(WHAT THE TASK REQUIRES):
Pictures must be dropped from the copy of the entries below; all else is returned exactly.

(DATA PROVIDED):
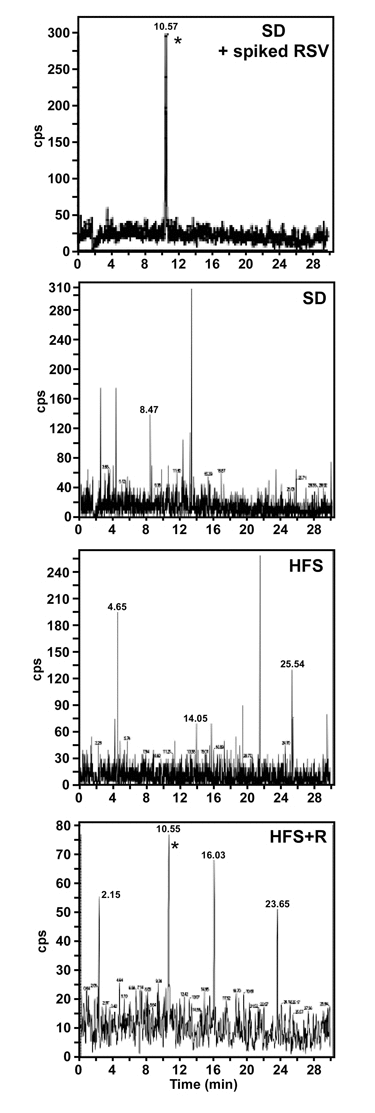 Adult male rhesus monkeys (average age at baseline 10.5 ± 0.4 years) were fed a SD, HFS or HFS supplemented with RSV (HFS+R) diet for 24 months. Following euthanasia, RSV was detected in CSF of rhesus monkey on HFS+R diet, but not in SD- or HFS-fed animals (Fig. 1). No attempts were made to identify metabolites of RSV; however, we previously reported the detection of RSV and resveratrol-3-O-sulfate in the serum of HFS+R-fed animals, but not of resveratrol-4′-O-glucuronide nor 3-O-glucuronide, which were below the minimum quantitation limits [30]. There are no data available about concentrations of RSV in CSF in year 1.
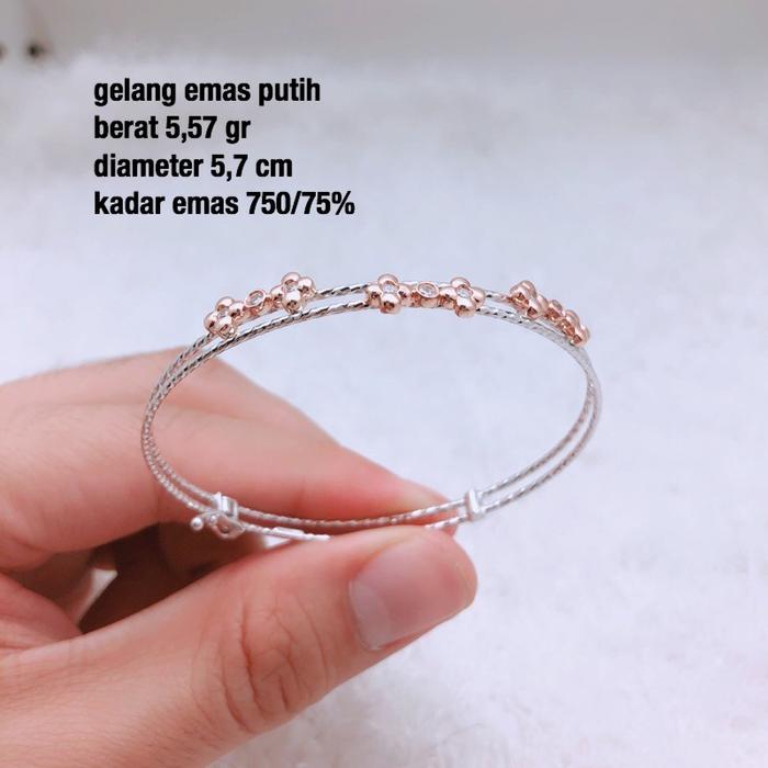 Gelang Emas Putih - Harga Terbaru Maret 2022 | Blibli Review & Daftar Harga Gelang Emas Putih Terbaru 2022. Gelang Emas Putih. Penjelasan Gelang Emas Putih Gelang emas putih adalah perhiasan berupa gelang yang terbuat dari material emas putih. Gelang ini bermacam-macam desainnya. Selain itu, berat dan kadarnya juga bervariasi. Gelang berbahan emas putih terlihat anggun serta cantik saat dikenakan.
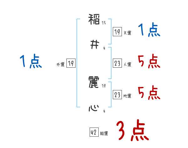総運![]() | 稲井麗心さんの総運は42画の3つ星!病気に注意。多芸であるが消極的でおとなしい。 あなたの人生を表す1番重要な運勢です。生涯を通じて影響する総合運となり、主に50歳以降の晩年期に影響を及ぼします。 |
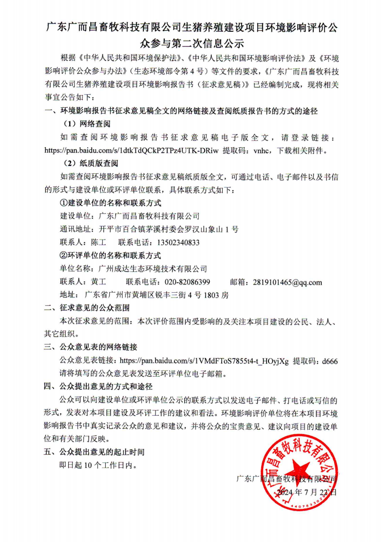 广东广而昌畜牧科技有限公司生猪养殖建设项目环境影响评价公众参与第二次信息公示
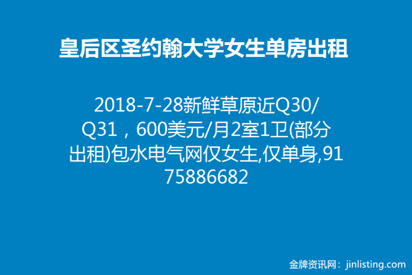 新鲜草原,非常好社区,二楼,全新卫生间,出门就有Q31/Q30,走路5-7分钟有大学银行超市餐馆/Q46等等,一大一小单房出租,全包有家俱,请电9175886682或微信abmj1015
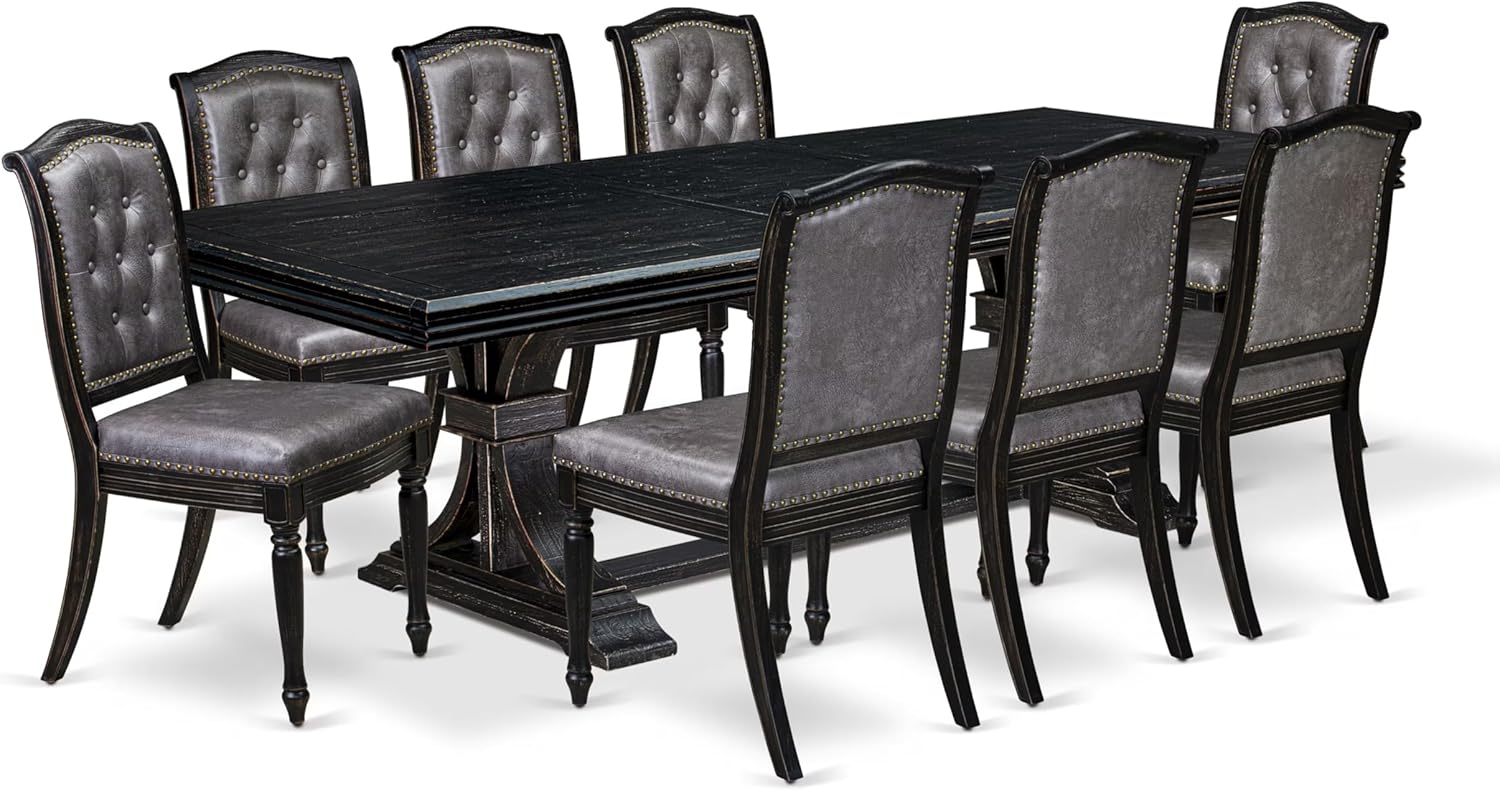 - MID CENTURY MODERN DINING TABLE SET: This 9-piece dining set includes a table with a removable leaf and eight chairs, creating a stylish and coordinated dining area perfect for hosting guests. The set's sturdy build and elegant design blend well with any decor, providing both practical use and visual charm. By mixing traditional and modern styles, this set adds a lasting touch of elegance to your home.
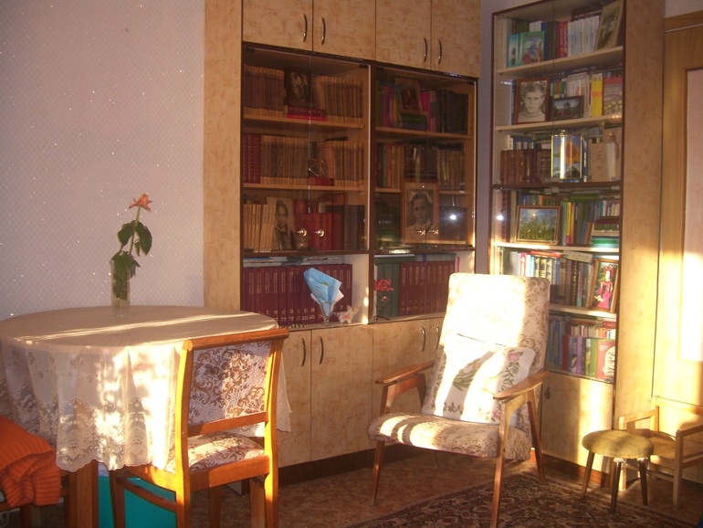 Хотя в стенке мне не нравится не столько ее внешний вид, сколько бестолковость... Места занимает много, а толку мало... Причем много открытых частей - их больше чем закрытых... И еше ящики с двух сторон со стеклянными дверками... В общем, лучше бы не такой большой, но нормальный шкаф... У стенки только одно преимущество - мне неудобно смотреть телевизор, конда он на стене висит... Не знаю почему, но вешали мне не понравилось... Так вот в стенке имеется ниша для телевизора, где он для меня идеально расположен.
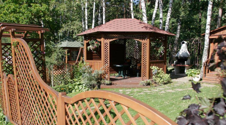 Деревянная ограда – отличный фон для небольших деревьев, кустарников, лиан и цветов, выбор которых ограничивается только фантазией владельца дачи.
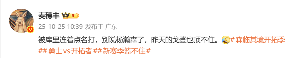 媒体人@麦穗丰发文写道:“被库里连着点名打,别说杨瀚森了,昨天的戈登也顶不住。”
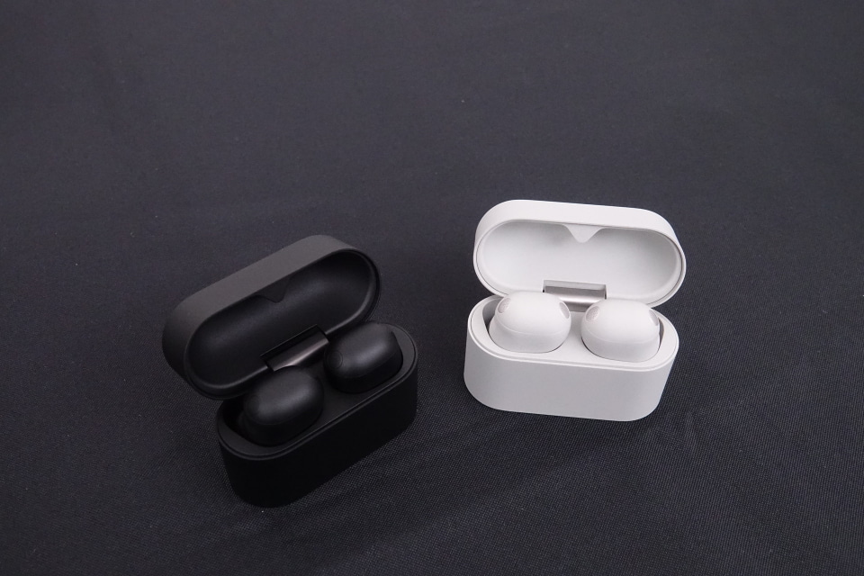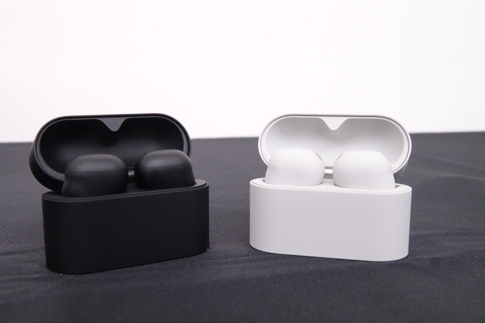 カラーバリエーションはブラックとプラチナシルバーの2色展開。本体に刻印される、SONYロゴを控え目にして落ち着いた外観に仕立てられており、2つのマイクが特徴的なデザインになっている。充電ケースは直線的なデザインになり、ヒンジは金属部品。LEDも本体の外観に溶け込むよう仕上げられている。
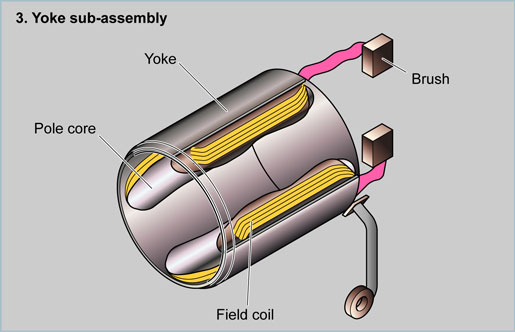 | The yoke sub-assembly produces the magnetic field required for the motor to operate. It also works as an outer case of the field coils, the pole core and a passage for the lines of magnetic force. The field coils are connected to the armature coil in series |
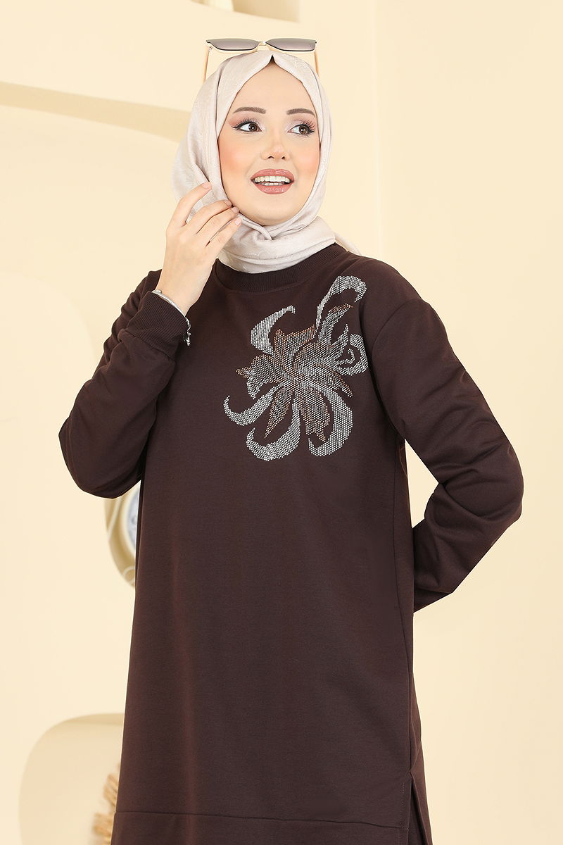 Product Feature : It is a new season hijab fashion product. The product has a Cycling collar. The tunic has a side slash.. Unlined. The stones are glued. The waist of the trousers is elastic. There may be a tonal difference in the product due to concept photo shoots.
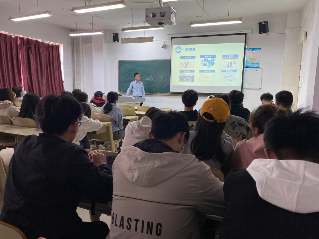 宣讲会开始,负责人首先播放公司宣传片,介绍公司坚持以维护人类健康为宗旨,以满足社会需求为己任,以先进的科学技术依托,致力于研发治疗常见病及多发病药物。之后,负责人又从公司背景、公司现状及实习生发展、对人才培养等方面作了具体介绍。最后,负责人介绍了大家十分关心的薪酬问题以及岗前培训、工作地点和时间等等,这一环节点燃了本次宣讲会的高潮,加深了同学们对各个岗位的了解。会后,同学们向企业负责人深入咨询招聘计划等事项,更加明确了自己的就业需求。
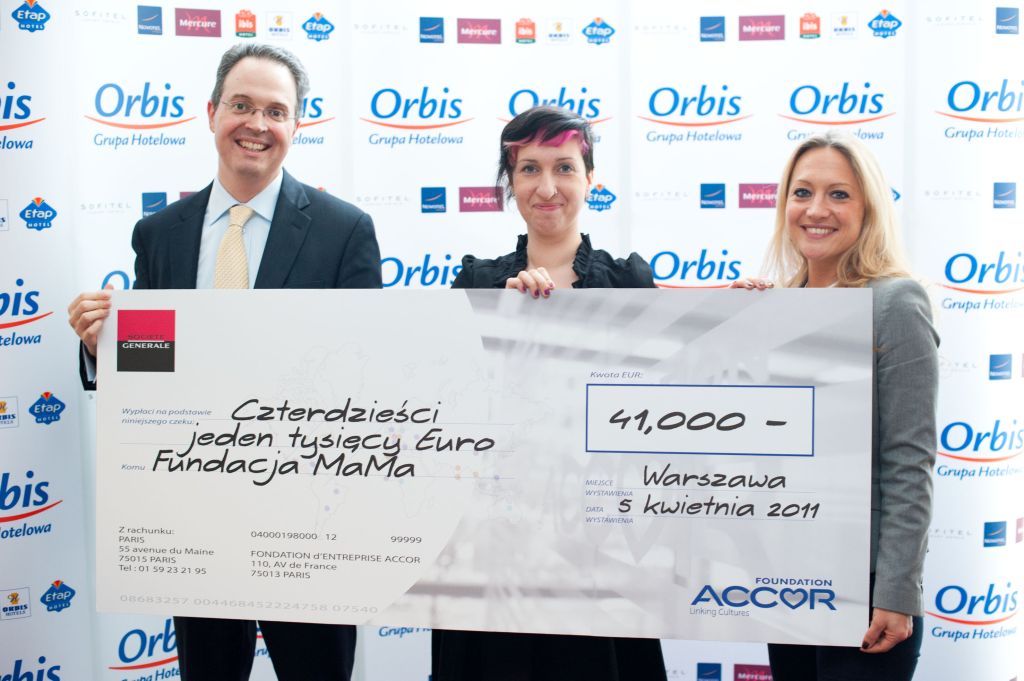 Dzięki zaangażowaniu pracowników Orbis S.A., Fundacja Accor przekazała 41 000 euro Fundacji MaMa na projekt „Spółdzielnia MaM”, pomagając 15-stu młodym, samotnym i bezrobotnym matkom w powrocie do życia społecznego i zawodowego
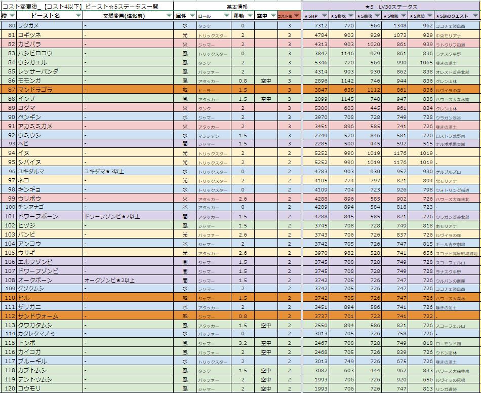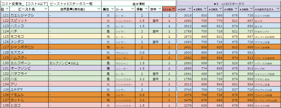 ・計算で算出しているビーストもいる為、実物と異なる場合があります(誤差10以内程度)
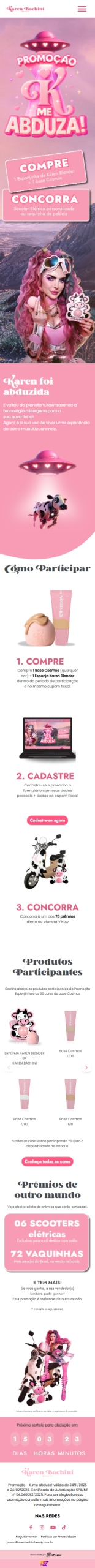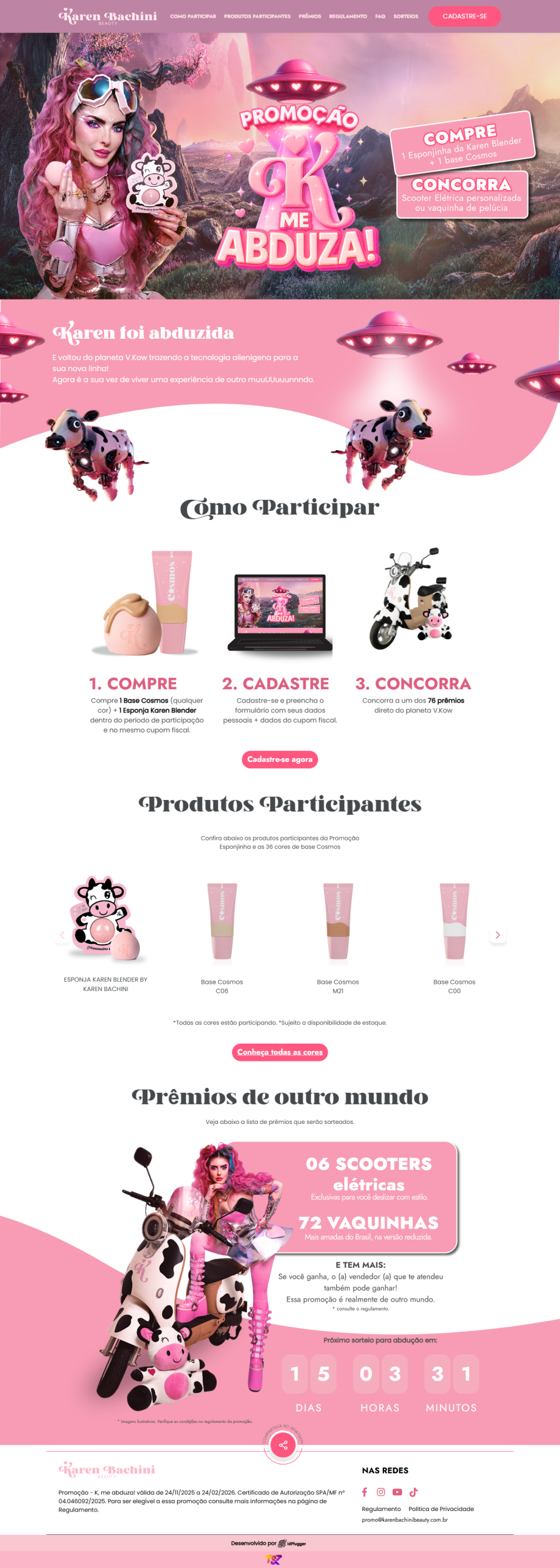 A promoção “K, Me Abduza” foi criada para impulsionar a nova linha Karen Bachini Beauty, usando a narrativa de que Karen foi abduzida e retornou do Planeta V.Kow trazendo tecnologias “de outro mundo” para seus produtos. A ação integrou storytelling cósmico, compra estimulada e distribuição de prêmios. A Idplugger desenvolveu toda a plataforma da promoção e o hotsite oficial.

(ANSWER BOX):
 Adult male rhesus monkeys (average age at baseline 10.5 ± 0.4 years) were fed a SD, HFS or HFS supplemented with RSV (HFS+R) diet for 24 months. Following euthanasia, RSV was detected in CSF of rhesus monkey on HFS+R diet, but not in SD- or HFS-fed animals (Fig. 1). No attempts were made to identify metabolites of RSV; however, we previously reported the detection of RSV and resveratrol-3-O-sulfate in the serum of HFS+R-fed animals, but not of resveratrol-4′-O-glucuronide nor 3-O-glucuronide, which were below the minimum quantitation limits [30]. There are no data available about concentrations of RSV in CSF in year 1.
 Gelang Emas Putih - Harga Terbaru Maret 2022 | Blibli Review & Daftar Harga Gelang Emas Putih Terbaru 2022. Gelang Emas Putih. Penjelasan Gelang Emas Putih Gelang emas putih adalah perhiasan berupa gelang yang terbuat dari material emas putih. Gelang ini bermacam-macam desainnya. Selain itu, berat dan kadarnya juga bervariasi. Gelang berbahan emas putih terlihat anggun serta cantik saat dikenakan.
総運![]() | 稲井麗心さんの総運は42画の3つ星!病気に注意。多芸であるが消極的でおとなしい。 あなたの人生を表す1番重要な運勢です。生涯を通じて影響する総合運となり、主に50歳以降の晩年期に影響を及ぼします。 |
 广东广而昌畜牧科技有限公司生猪养殖建设项目环境影响评价公众参与第二次信息公示
 新鲜草原,非常好社区,二楼,全新卫生间,出门就有Q31/Q30,走路5-7分钟有大学银行超市餐馆/Q46等等,一大一小单房出租,全包有家俱,请电9175886682或微信abmj1015
 - MID CENTURY MODERN DINING TABLE SET: This 9-piece dining set includes a table with a removable leaf and eight chairs, creating a stylish and coordinated dining area perfect for hosting guests. The set's sturdy build and elegant design blend well with any decor, providing both practical use and visual charm. By mixing traditional and modern styles, this set adds a lasting touch of elegance to your home.
 Хотя в стенке мне не нравится не столько ее внешний вид, сколько бестолковость... Места занимает много, а толку мало... Причем много открытых частей - их больше чем закрытых... И еше ящики с двух сторон со стеклянными дверками... В общем, лучше бы не такой большой, но нормальный шкаф... У стенки только одно преимущество - мне неудобно смотреть телевизор, конда он на стене висит... Не знаю почему, но вешали мне не понравилось... Так вот в стенке имеется ниша для телевизора, где он для меня идеально расположен.
 Деревянная ограда – отличный фон для небольших деревьев, кустарников, лиан и цветов, выбор которых ограничивается только фантазией владельца дачи.
 媒体人@麦穗丰发文写道:“被库里连着点名打,别说杨瀚森了,昨天的戈登也顶不住。”
 カラーバリエーションはブラックとプラチナシルバーの2色展開。本体に刻印される、SONYロゴを控え目にして落ち着いた外観に仕立てられており、2つのマイクが特徴的なデザインになっている。充電ケースは直線的なデザインになり、ヒンジは金属部品。LEDも本体の外観に溶け込むよう仕上げられている。
 | The yoke sub-assembly produces the magnetic field required for the motor to operate. It also works as an outer case of the field coils, the pole core and a passage for the lines of magnetic force. The field coils are connected to the armature coil in series |
 Product Feature : It is a new season hijab fashion product. The product has a Cycling collar. The tunic has a side slash.. Unlined. The stones are glued. The waist of the trousers is elastic. There may be a tonal difference in the product due to concept photo shoots.
 宣讲会开始,负责人首先播放公司宣传片,介绍公司坚持以维护人类健康为宗旨,以满足社会需求为己任,以先进的科学技术依托,致力于研发治疗常见病及多发病药物。之后,负责人又从公司背景、公司现状及实习生发展、对人才培养等方面作了具体介绍。最后,负责人介绍了大家十分关心的薪酬问题以及岗前培训、工作地点和时间等等,这一环节点燃了本次宣讲会的高潮,加深了同学们对各个岗位的了解。会后,同学们向企业负责人深入咨询招聘计划等事项,更加明确了自己的就业需求。
 Dzięki zaangażowaniu pracowników Orbis S.A., Fundacja Accor przekazała 41 000 euro Fundacji MaMa na projekt „Spółdzielnia MaM”, pomagając 15-stu młodym, samotnym i bezrobotnym matkom w powrocie do życia społecznego i zawodowego
 ・計算で算出しているビーストもいる為、実物と異なる場合があります(誤差10以内程度)
 A promoção “K, Me Abduza” foi criada para impulsionar a nova linha Karen Bachini Beauty, usando a narrativa de que Karen foi abduzida e retornou do Planeta V.Kow trazendo tecnologias “de outro mundo” para seus produtos. A ação integrou storytelling cósmico, compra estimulada e distribuição de prêmios. A Idplugger desenvolveu toda a plataforma da promoção e o hotsite oficial.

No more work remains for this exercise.